Bypassing the Fourth Amendment
EPIC alleges that law enforcement is using Google, a private entity, to bypass the Fourth Amendment, which requires due process and probable cause before “searching or seizing” someone’s property.
As a private entity, Google doesn’t have to abide by the Fourth Amendment as the government has to, so it can do those mass searches on its behalf and then give the government the results. The U.S. government has been increasingly using this strategy to bypass Fourth Amendment protections of U.S. citizens and to expand its warrantless surveillance operations further.
Image Hashes vs. Image Matches
Google and a few other companies have “voluntarily” agreed to use a database of images hashes from the National Center for Missing and Exploited Children (NCMEC) to help the agency find exploited children.
More than that, the companies would also give any information they have on the people who owned those images, given they are users of said companies’ services and have shared the images through those services.
Image hash values are unique alphanumerical strings of characters that can be associatedwith images.
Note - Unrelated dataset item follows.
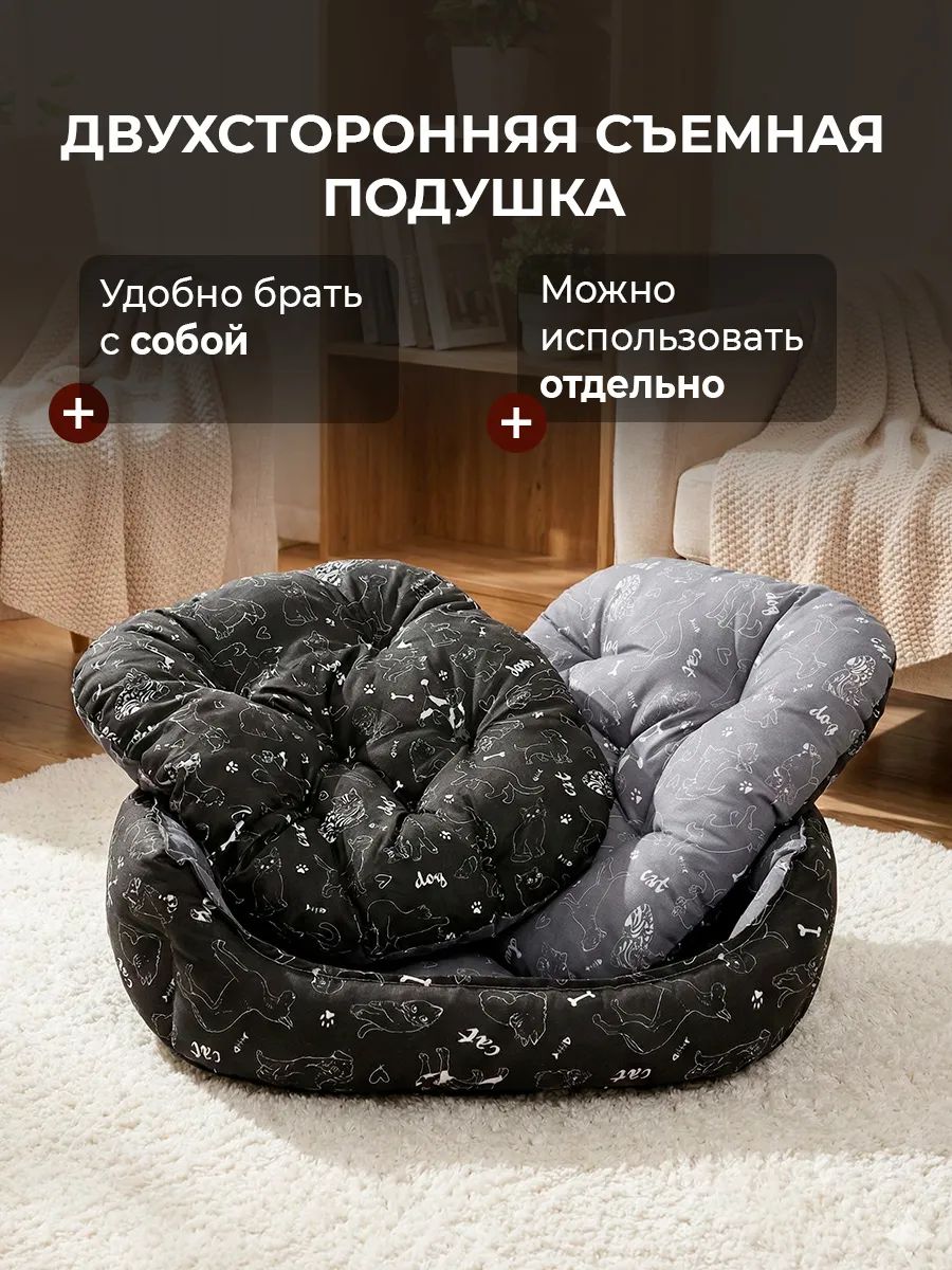 Внутри лежака расположена мягкая съёмная подушка. Подушку можно легко достать и почистить, поэтому лежанка для кошки или собаки проста в уходе и долго сохраняет аккуратный внешний вид.

These values are then used to match one image to another and see if the files are 100% identical.
EPIC alleges that Google has gone even beyond this voluntary commitment to help NCMEC find criminals who exploit children by using image hash matching, and it’s now also using image matching techniques that can look at different files to see whether or not they contain a certain image.
EPIC said this is very different from the first case of hash matching because image matching can result in many false positives (the algorithm can say that a certain file contains the original image, even though it doesn’t).
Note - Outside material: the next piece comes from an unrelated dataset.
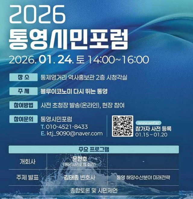 통영시민포럼 관계자는 "통영의 위기와 기회는 모두 바다에서 시작된다. 이번 포럼은 정답을 제시하는 자리가 아니라 무엇이 가장 현실적이고 무엇부터 시작해야 하는지를 시민과 함께 확인하는 출발점이 될 것"이라고 밝혔다.

Referring Innocent People to Law Enforcement
EPIC noted that neither Google nor the government has revealed how the image matching algorithm works nor have they revealed accuracy, reliability, or validity of the technique, all of which are required for scientific evidence in court.
EPIC argues that Google or other companies could use similar algorithms to scan not just for images of exploited children, but also for other purposes such as determining if files contain religious views, political opinions, or “banned books.”
Google was recently involved in a controversy about its development of a censored search engine for China, called “Project Dragonfly.” The search engine would enable the identification of material that the Chinese government considers “sensitive,” which likely goes much further than images of exploited children.
A Need for Algorithmic Transparency
In the Carpenter vs. United States case, the Supreme Court recognized that the existing Fourth Amendment standards need to be reexamined in the new digital age. The Court ruled that the government couldn’t automatically track individuals’ locations everywhere they go for long periods of time without a warrant.
If the equivalent of the digital surveillance translated to the physical world meant that the government would have to deploy costly surveillance operations that would rarely happen, then the much cheaper automated digital surveillance shouldn’t be permitted without a warrant, either.
EPIC argued in its new briefing that automated scanning of files for various “crimes” falls into the same category. Even if the scanning of files can be cataloged as “private search,” the government would need to have “virtual certainty” that the files it intends to open are the same ones that were scanned by the private company, and this may not be possible. The government can’t guarantee that the files identified by Google are the same ones that the user uploaded.
This is also why EPIC believes that algorithmic transparency is critical for software that interacts with the justice system and provides information that incriminates users of various services.